INPUT RECORDS:
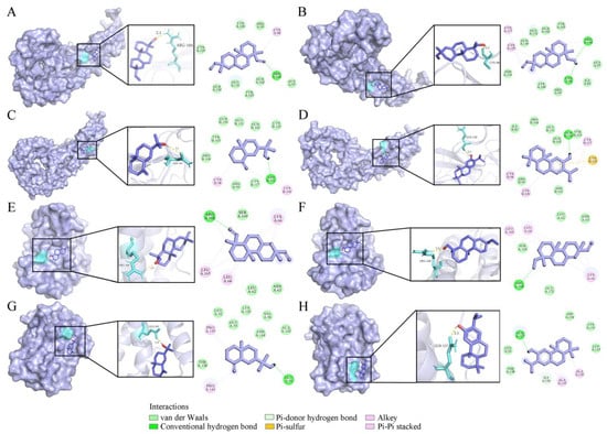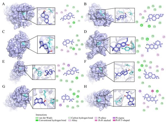 Four compounds docked with TNF-α and IL-6. (A) Sandaracopimarinol with TNF-α. (B) Sandaracopimarinol with TNF-α. (C) β-Eudesmol with TNF-α. (D) Ferruginol with TNF-α. (E) Sandaracopimarinol with IL-6. (F) Sandaracopimarinol with IL-6. (G) β-Eudesmol with IL-6. (H) Ferruginol with IL-6. From left to right, overall 3D, partial 3D, and 2D images in order. Light purple, acro-molecules; purple, active compounds; aquamarine, amino acid residues around the binding bag; yellow dashed lines, hydrogen bonds in 3D image.
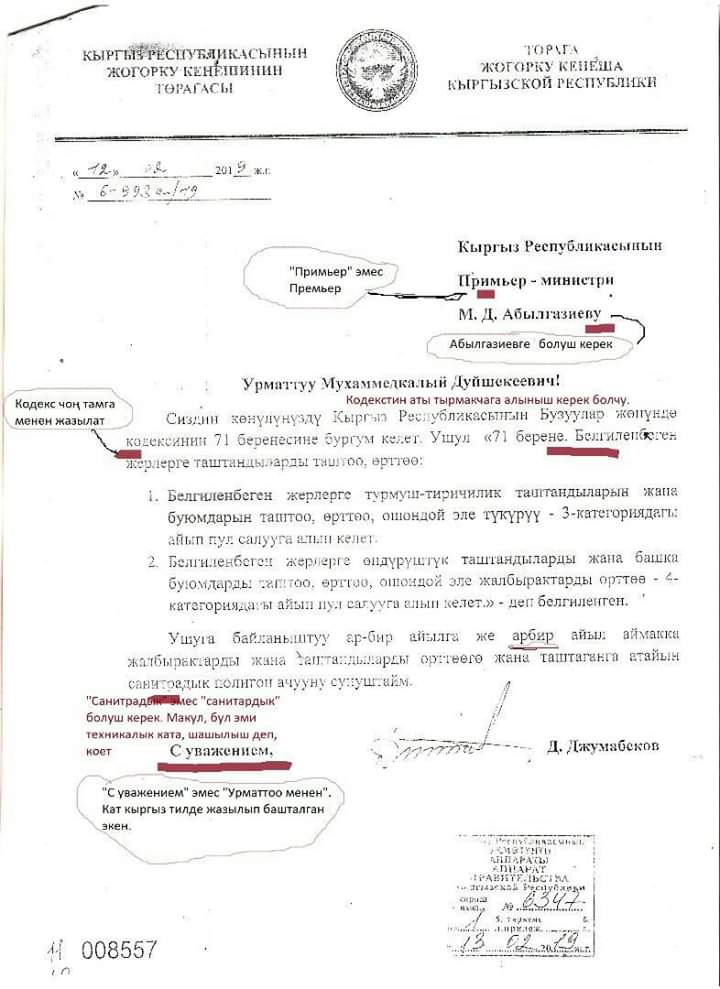 По их информации, в аппарате Жогорку Кенеша проведена проверка в связи с распространенным в социальных сетях документом (№ 6-993/19). «К сожалению, необходимо признать, что в данном письме допущены грубые ошибки», — признает парламент.
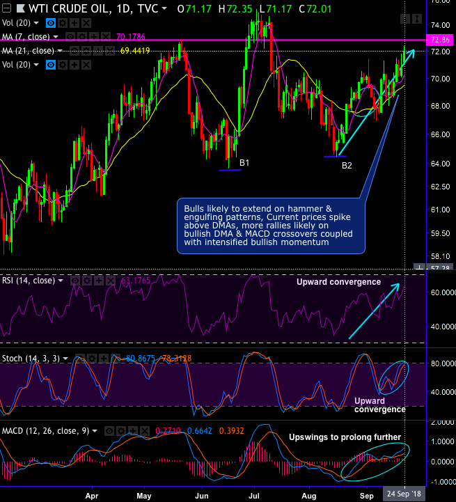 Overall, on trading grounds, it is good to buy at current levels for further upside traction upto $72.86 levels for the strict stop loss of $71.35 levels.
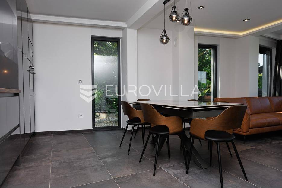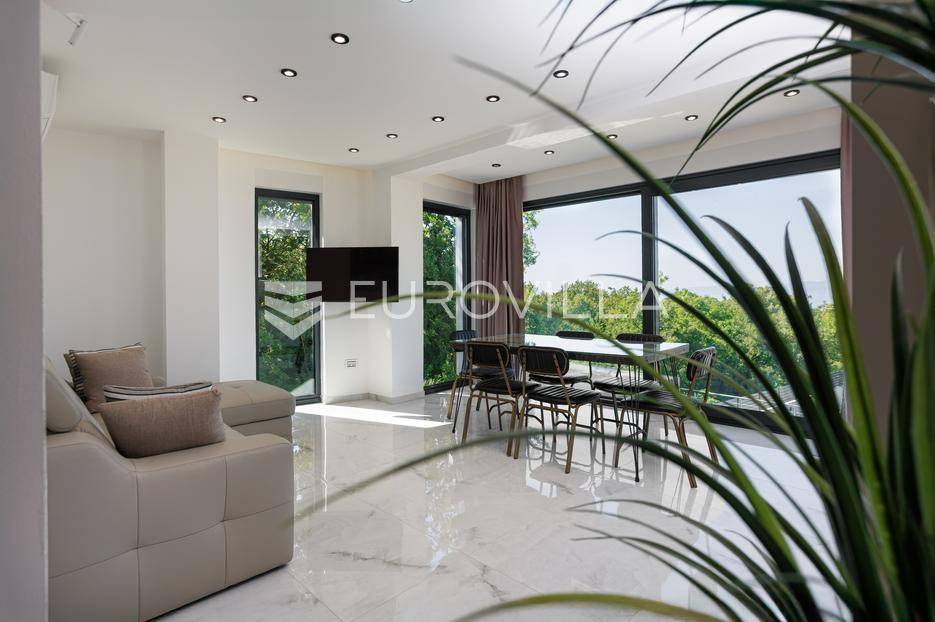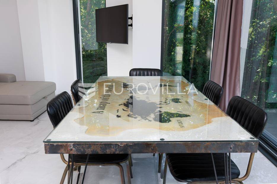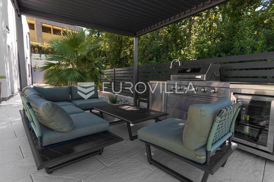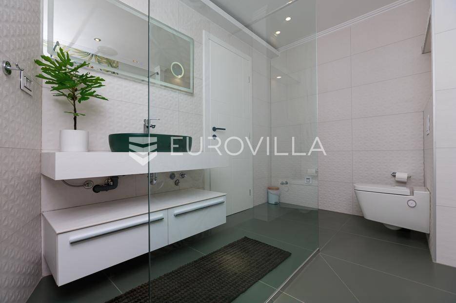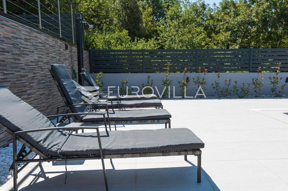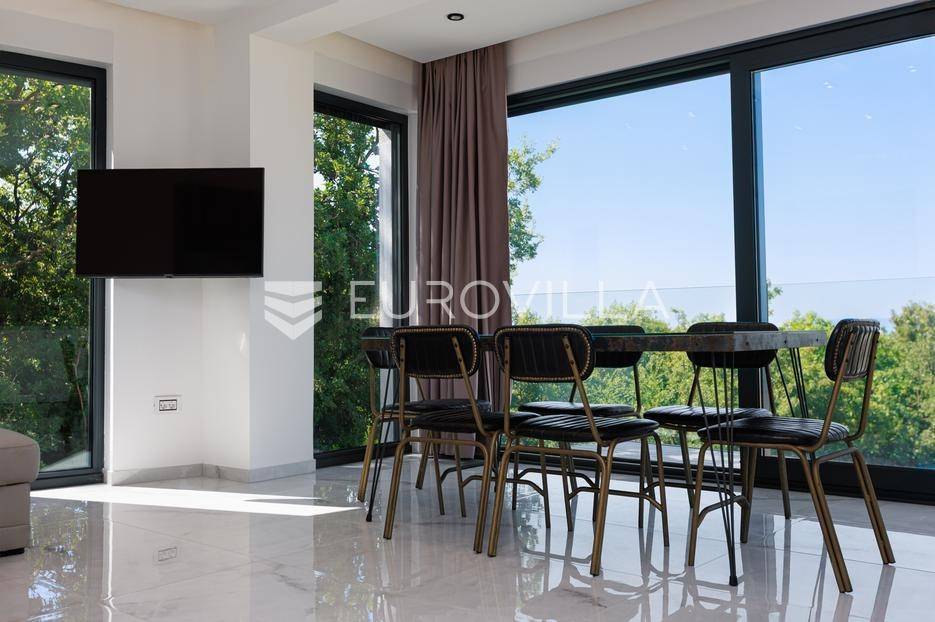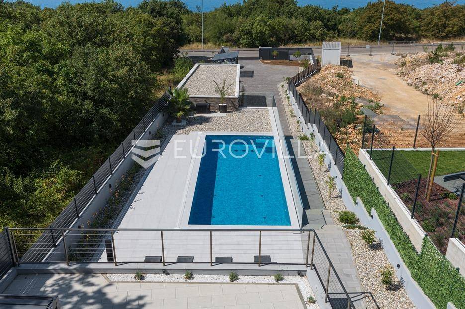 Rijeka, Kostrena, Paveki, najam ville s 2 stana 279m2, pomoćnim objektom i bazenom, udaljene od mora svega 150 m. Između lijepih, uređenih kostrenskih plaža, koje se kilometarski protežu od istoka prema zapadu i kuće je zaštićen zeleni pojas, a na istočnoj strani cijelom dužinom parcele proteže se šuma. Iznimna lokacija čini ovu nekretninu poželjnom za obitelj zbog gradnje novog dječjeg vrtića u blizini.Kuća ima dva odvojena stana - u prizemlju dvosobni s velikim dnevnim dijelom i 2 kupaonice, iz kojeg se izlazi na terasu i bazen. Na terasi će biti ljetna kuhinja s pergolom. Na drugom katu nalazi se trosoban stan s prostranim dnevnim boravkom, dvije kupaonice te unutarnjim stepenicama koje vode na impresivnu krovnu terasu površine 120m². Terasa nudi brojne mogućnosti za uživanje i opuštanje na otvorenom,već su postavljene instalacije vode i struje, što budućim vlasnicima omogućuje jednostavnu ugradnju jacuzzija ili druge dodatne opreme po želji.Iz svih južnih dijelova novogradnje pruža se pogled na more, a s terase je izniman pogled na cijeli Kvarner i otoke.Bazen je površine 40m2, ima tehničku komoru i mogućnost zagrijavanja.Pomoćni objekt, neto površine 50m2, ima jednu sobu, kupaonicu i veću sobu koja se može koristiti kao teretana, studio, salon za goste i slično.Dokumenti uredni, obratite se za više informacija.... Više na eurovilla.hr, ID: 283694
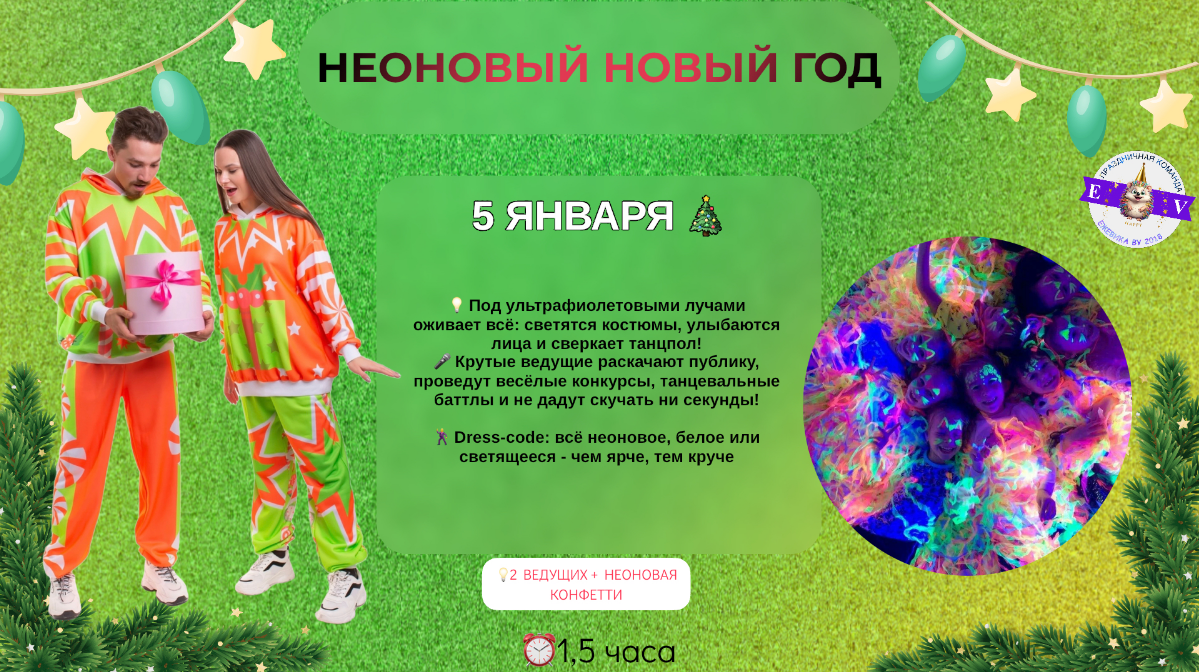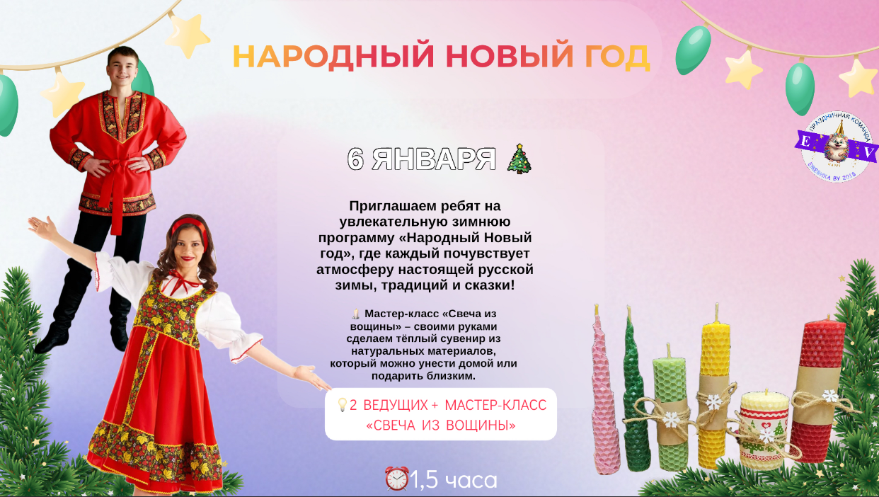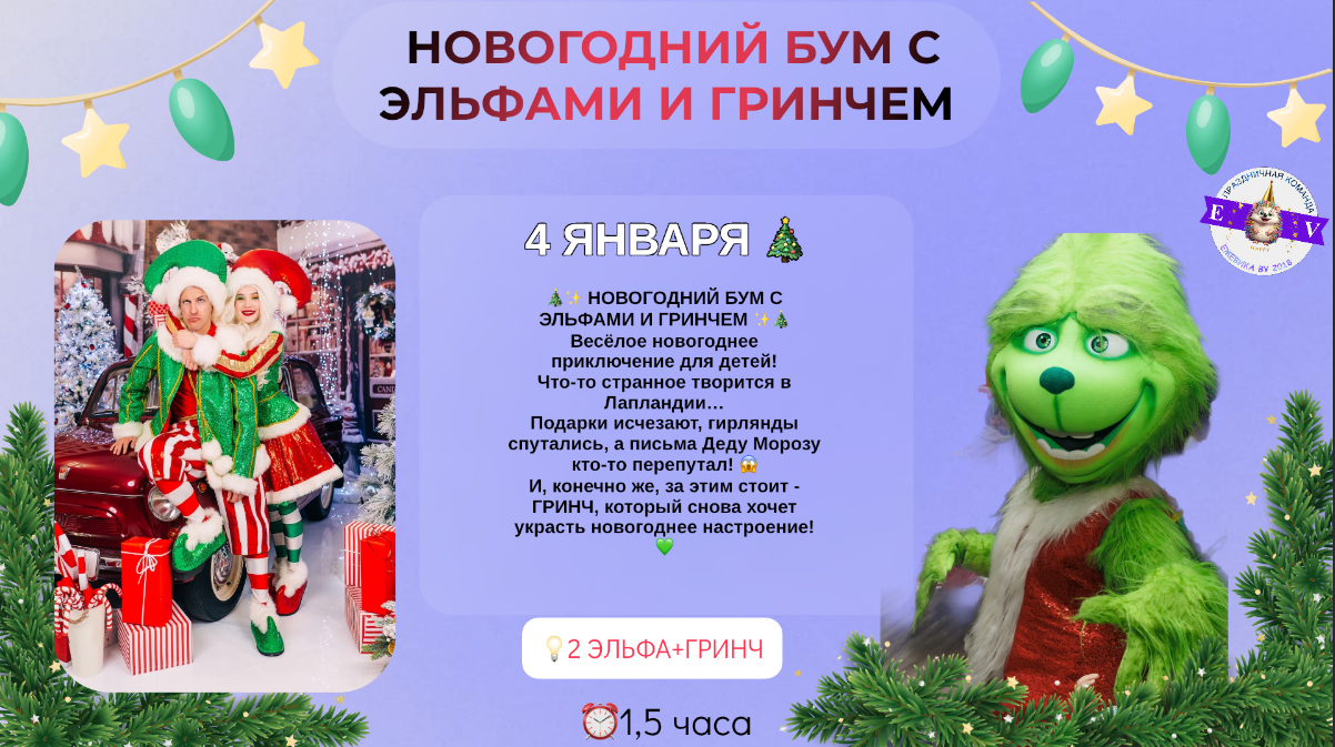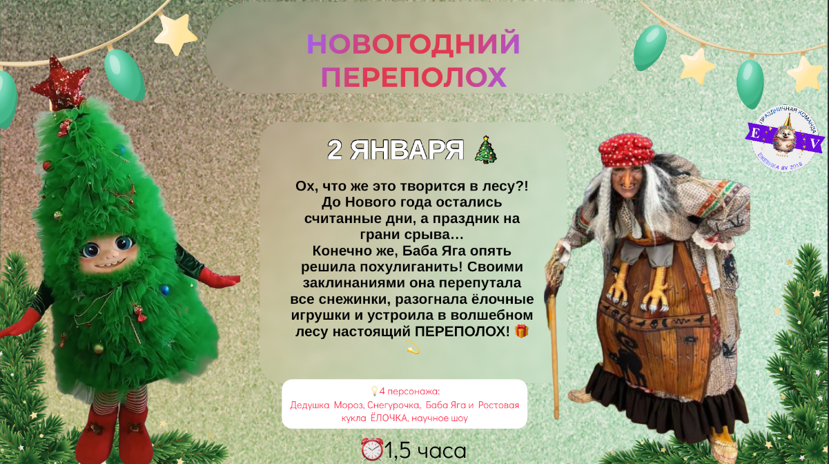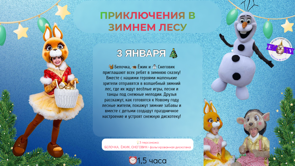 Только у нас, ваши крохи попадут в праздничную атмосферу Новогодней сказки, где их ждут яркие персонажи и незабываемые события с вкусными подарками и эмоциями…Наши аниматоры устроят незабываемые приключения и будут дарить улыбки на протяжении всех каникул.

TASK DIRECTIONS: Nothing but the lines from the first line of the data through the line with "Overall, on trading" belongs in the answer, copied exactly and without pictures.

ANSWER TO THE EXERCISE:
 Four compounds docked with TNF-α and IL-6. (A) Sandaracopimarinol with TNF-α. (B) Sandaracopimarinol with TNF-α. (C) β-Eudesmol with TNF-α. (D) Ferruginol with TNF-α. (E) Sandaracopimarinol with IL-6. (F) Sandaracopimarinol with IL-6. (G) β-Eudesmol with IL-6. (H) Ferruginol with IL-6. From left to right, overall 3D, partial 3D, and 2D images in order. Light purple, acro-molecules; purple, active compounds; aquamarine, amino acid residues around the binding bag; yellow dashed lines, hydrogen bonds in 3D image.
 По их информации, в аппарате Жогорку Кенеша проведена проверка в связи с распространенным в социальных сетях документом (№ 6-993/19). «К сожалению, необходимо признать, что в данном письме допущены грубые ошибки», — признает парламент.
 Overall, on trading grounds, it is good to buy at current levels for further upside traction upto $72.86 levels for the strict stop loss of $71.35 levels.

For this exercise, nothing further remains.